Even if there are no groupings in a regexp, it is still possible to find out what exactly matched in a string. If you use them, Perl will set $‘ to the part of the string before the match, will set $& to the part of the string that matched, and will set $’ to the part of the string after the match.

It is important to note that using $‘ and $’ slows down regexp matching quite a bit, while $& slows it down to a lesser extent, because if they are used in one regexp in a program, they are generated for all regexps in the program. So if raw performance is a goal of your application, they should be avoided. If you need to extract the corresponding substrings, use @- and @+ instead.

Possessive quantifiers:

With the introduction of the possessive quantifiers in Perl 5.10, we have a way of instructing the regex engine not to backtrack, with the usual quantifiers with a + appended to them. This makes them greedy as well as stingy; once they succeed they won't give anything back to permit another solution. They have the following meanings:

a{n,m}+ means: match at least n times, not more than m times, as many times as possible, and don't give anything up. a?+ is short for a{0,1}+

a{n,}+ means: match at least n times, but as many times as possible, and don't give anything up. a*+ is short for a{0,}+ and a++ is short for a{1,}+

a{n}+ means: match exactly n times. It is just there for notational consistency.

These possessive quantifiers represent a special case of a more general concept, the independent subexpression.
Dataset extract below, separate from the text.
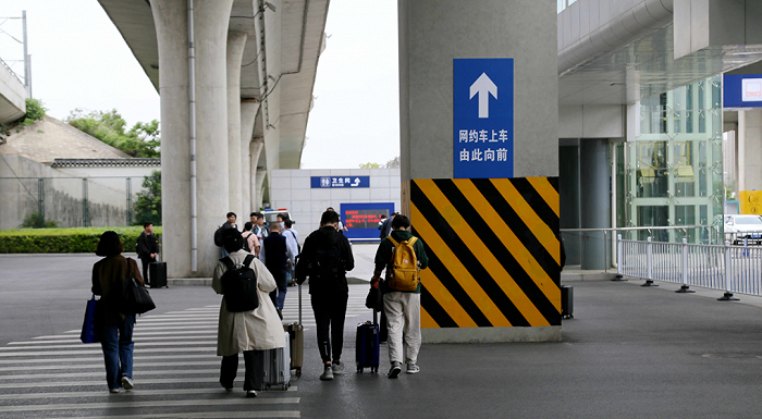 网约车在到达厅东边P4停车场,从到达大厅的志愿服务台向东前行,一路按指示牌指引即可到达。在P4停车场专门设置了网约车上车点,停车位461个。

Commenting your regular expression:

   /^
            [+-]?         # first, match an optional sign
            (             # then match integers or f.p. mantissas:
                    \d+\.\d+  # mantissa of the form a.b
                  |\d+\.     # mantissa of the form a.
                  |\.\d+     # mantissa of the form .b
                  |\d+       # integer of the form a
            )
            ([eE][+-]?\d+)?  # finally, optionally match an exponent
      $/x;

If whitespace is mostly irrelevant, how does one include space characters in an extended regexp? The answer is to backslash it '\ ' or put it in a character class [ ] . The same thing goes for pound signs, use \# or [#].

We pointed out earlier that variables in regexps are substituted before the regexp is evaluated.

Global matching:

The modifier g stands for global matching and allows the matching operator to match within a string as many times as possible. In scalar context, successive invocations against a string will have `g jump from match to match, keeping track of position in the string as it goes along. You can get or set the position with the pos() function.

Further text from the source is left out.